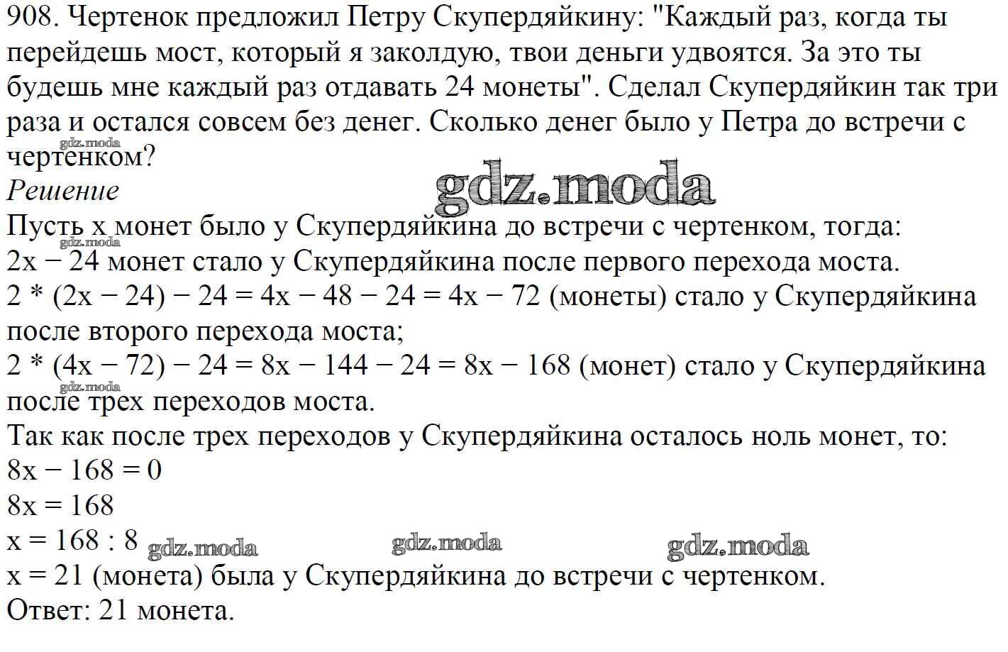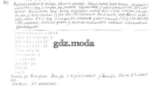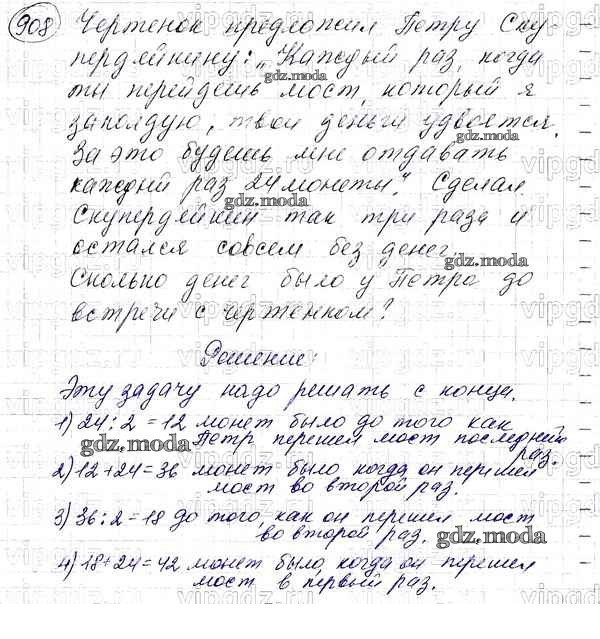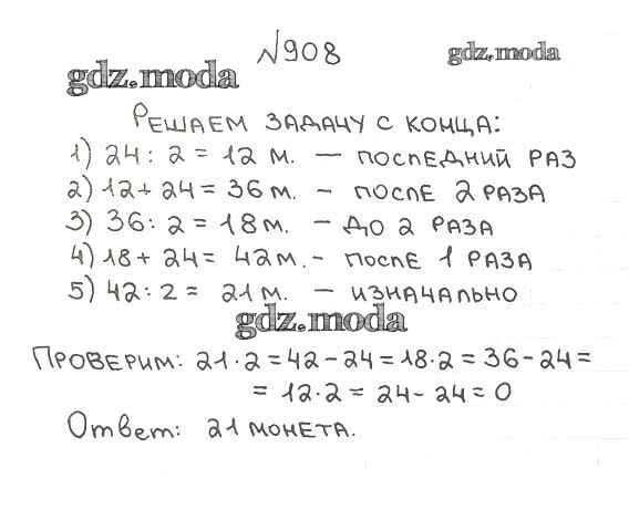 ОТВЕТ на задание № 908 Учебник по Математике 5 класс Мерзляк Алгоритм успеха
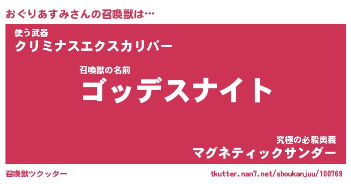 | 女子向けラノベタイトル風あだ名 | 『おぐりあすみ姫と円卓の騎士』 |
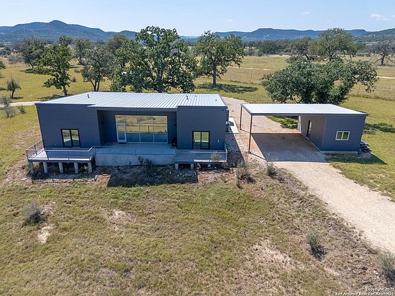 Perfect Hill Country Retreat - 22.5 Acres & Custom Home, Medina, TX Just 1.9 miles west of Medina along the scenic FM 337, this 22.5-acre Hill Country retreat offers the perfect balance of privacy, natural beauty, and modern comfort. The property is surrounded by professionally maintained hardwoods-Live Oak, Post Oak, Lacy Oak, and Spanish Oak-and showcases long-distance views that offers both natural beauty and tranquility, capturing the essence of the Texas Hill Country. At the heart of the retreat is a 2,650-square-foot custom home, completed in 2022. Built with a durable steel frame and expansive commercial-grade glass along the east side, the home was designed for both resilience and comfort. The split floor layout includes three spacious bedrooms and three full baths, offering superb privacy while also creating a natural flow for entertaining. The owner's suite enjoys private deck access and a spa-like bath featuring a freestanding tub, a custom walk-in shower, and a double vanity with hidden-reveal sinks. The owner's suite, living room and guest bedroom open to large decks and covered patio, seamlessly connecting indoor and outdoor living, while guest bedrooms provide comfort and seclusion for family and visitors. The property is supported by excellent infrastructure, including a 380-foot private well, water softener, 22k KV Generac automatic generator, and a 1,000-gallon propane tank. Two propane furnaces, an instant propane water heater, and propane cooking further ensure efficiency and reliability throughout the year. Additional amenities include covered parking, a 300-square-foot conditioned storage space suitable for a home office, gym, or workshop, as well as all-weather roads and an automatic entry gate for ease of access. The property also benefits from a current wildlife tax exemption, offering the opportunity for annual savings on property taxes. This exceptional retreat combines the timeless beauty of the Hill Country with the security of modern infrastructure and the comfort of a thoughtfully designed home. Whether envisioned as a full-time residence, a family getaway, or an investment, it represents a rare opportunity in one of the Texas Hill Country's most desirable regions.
...
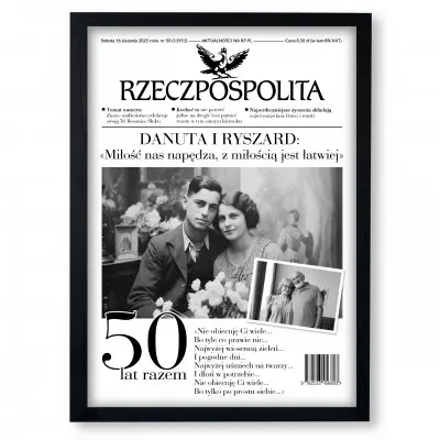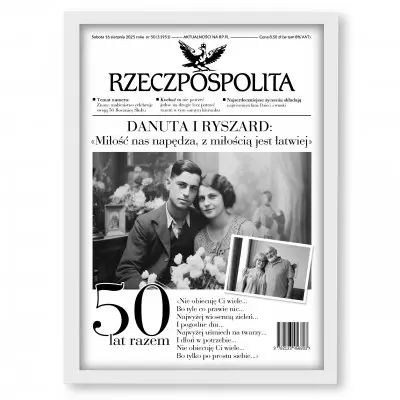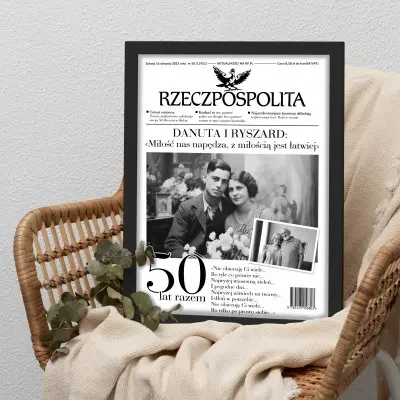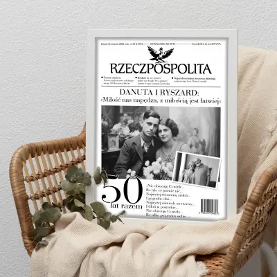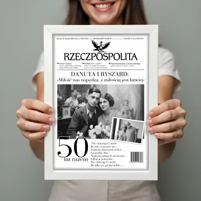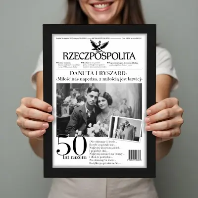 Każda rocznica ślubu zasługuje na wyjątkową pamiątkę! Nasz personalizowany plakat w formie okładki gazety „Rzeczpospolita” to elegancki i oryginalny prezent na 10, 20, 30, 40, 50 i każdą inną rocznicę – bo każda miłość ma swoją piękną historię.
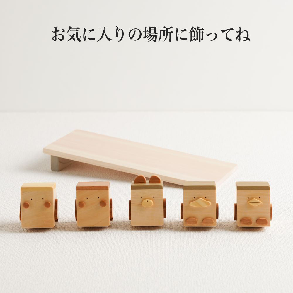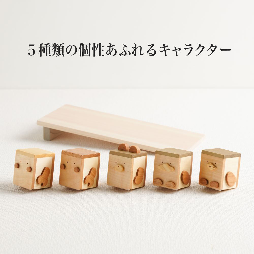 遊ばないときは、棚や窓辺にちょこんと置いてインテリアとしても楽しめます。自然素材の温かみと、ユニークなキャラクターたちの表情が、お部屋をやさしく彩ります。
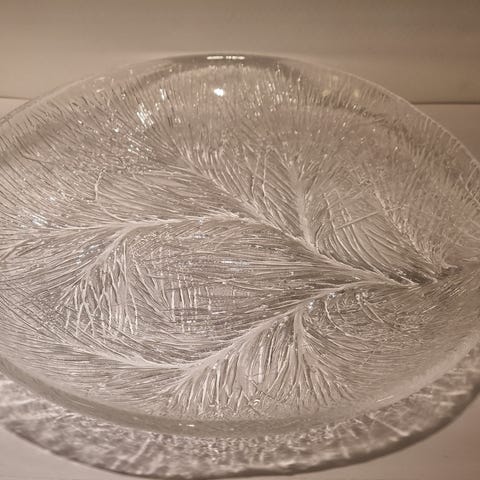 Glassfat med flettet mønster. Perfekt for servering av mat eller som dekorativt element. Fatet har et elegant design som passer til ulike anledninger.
...
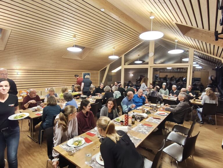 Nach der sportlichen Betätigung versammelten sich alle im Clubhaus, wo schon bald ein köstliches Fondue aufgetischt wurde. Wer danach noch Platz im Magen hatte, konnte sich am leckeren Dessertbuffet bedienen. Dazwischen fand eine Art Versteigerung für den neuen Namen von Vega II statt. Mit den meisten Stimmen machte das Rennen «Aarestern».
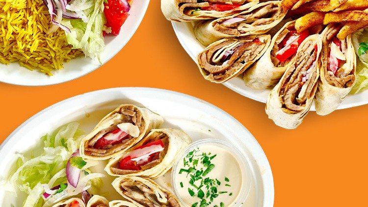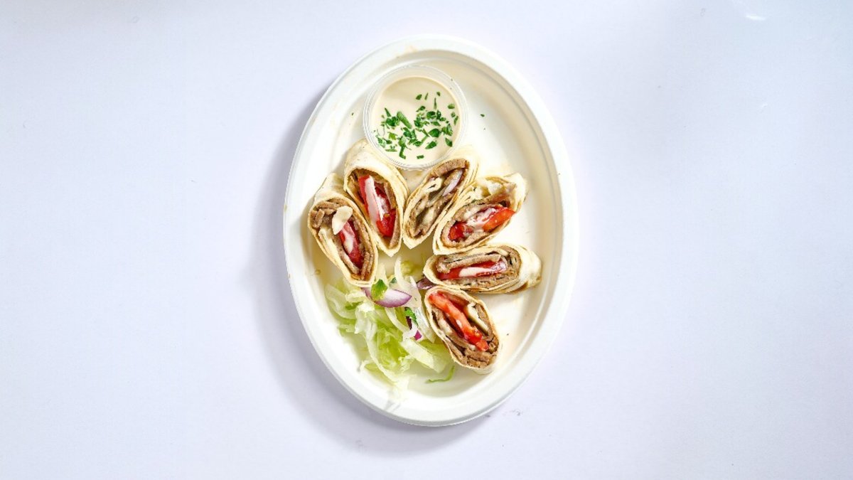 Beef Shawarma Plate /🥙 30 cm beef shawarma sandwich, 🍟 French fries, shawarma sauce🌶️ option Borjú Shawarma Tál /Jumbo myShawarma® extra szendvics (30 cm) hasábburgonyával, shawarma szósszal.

[Work order]
Above are the records; copy from them only the lines starting at the one containing "Każda rocznica ślubu" and ending at the one containing "Glassfat med flettet", exactly and without pictures.

[Response to this task]
 Każda rocznica ślubu zasługuje na wyjątkową pamiątkę! Nasz personalizowany plakat w formie okładki gazety „Rzeczpospolita” to elegancki i oryginalny prezent na 10, 20, 30, 40, 50 i każdą inną rocznicę – bo każda miłość ma swoją piękną historię.
 遊ばないときは、棚や窓辺にちょこんと置いてインテリアとしても楽しめます。自然素材の温かみと、ユニークなキャラクターたちの表情が、お部屋をやさしく彩ります。
 Glassfat med flettet mønster. Perfekt for servering av mat eller som dekorativt element. Fatet har et elegant design som passer til ulike anledninger.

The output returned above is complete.